A first-time issuer in Brazil is set to provide a test case for securitizing personal and consumer loans whose payments don't rely on automatic deduction. Dacasa Financeira is prepping a receivable investment fund (FIDC) backed by loans to lower income individuals who have to pro-actively make payments, according to a source on the transaction.

So far, the only loans to be securitized in Brazil are owed by pensioners and public sector employees, with payments automatically deducted from their paychecks or social security payments.

Registered with regulators last week, Dacasa's FIDC is currently sized at R$100 million ($44 million), with a senior chunk of shares totaling R$80 million. Fitch Ratings has rated the senior piece AA+(bra)' on the national scale. The subordinated slice is unrated. Much of the structure's credit strength rests on a bulky excess spread, estimated at 65% a year initially. The first batch of loans being sold to the fund charges an average monthly rate of around 6%, while the pre-set yield on the senior shares is 112% of the benchmark CDI rate. The senior and subordinated shares have a maturity of 36 months.

The structurer of the deal, BNC Securitizadora, is apparently green in the FIDC business - at least in the public realm - while more seasoned names are attached as well, with Mellon Distribuidora in charge of placement, and Banco Bradesco acting as custodian and asset manager, according to the source on the deal.

Dacasa customers can make loan payments through branches of Banco Santander, Caixa Economica Federal, and Bradesco. Given that the company focuses on the lower-income strata, losses are steep, running at about 12% on the loan book, according to the source. Dacasa's credit assets total R$133 million.

Dacasa is based in Espirito Santo a state on the Atlantic that is flanked by Rio de Janeiro state to the south and Bahia to the north. The company operates in all three states, with a portfolio of about one million clients.

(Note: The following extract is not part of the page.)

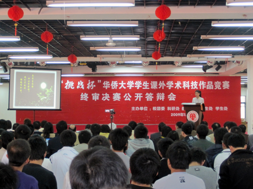 昨日下午,由校团委、科研处、教务处、研究生处、学生处联合举办的第十七届“挑战杯”beat365中文在线官网学生课外学术科技作品竞赛终审决赛暨成果展示在厦门校区落下帷幕。经评委会审,《陶粒泡沫混凝土轻质节能墙体材料研究》、《海西文化建设之泉州南音保护和研究》、《快速人脸检测跟踪系统》、《新型居民小区楼宇照明系统》和《离子液体助催化合成增塑剂对苯二甲酸二异辛酯》等 5 件作品脱颖而出,夺得本届竞赛特等奖。

Elsewhere in the Brazilian FIDC market, regulators have held back an FDIC for Marcopolo, a company that manufactures bus bodies (ASR, 04/24/06). Company officials raised the hackles of the CVM - Brazil's SEC - by disclosing too much about the deal to the local press before it launched, according to a source close to the transaction. He added that the situation has now blown over and distribution should begin no later than this week. Bradesco is committed to purchasing the entire 80% senior portion of each issue of R$20 million in shares, which are planned on a monthly basis until the fund reaches its R$120 million cap.

Collateral for the deal consists of vehicle loan owed to Marcopolo's own bank, Banco Moneo. Maturity is 60 months. Gainvest and Bradesco are joint arrangers.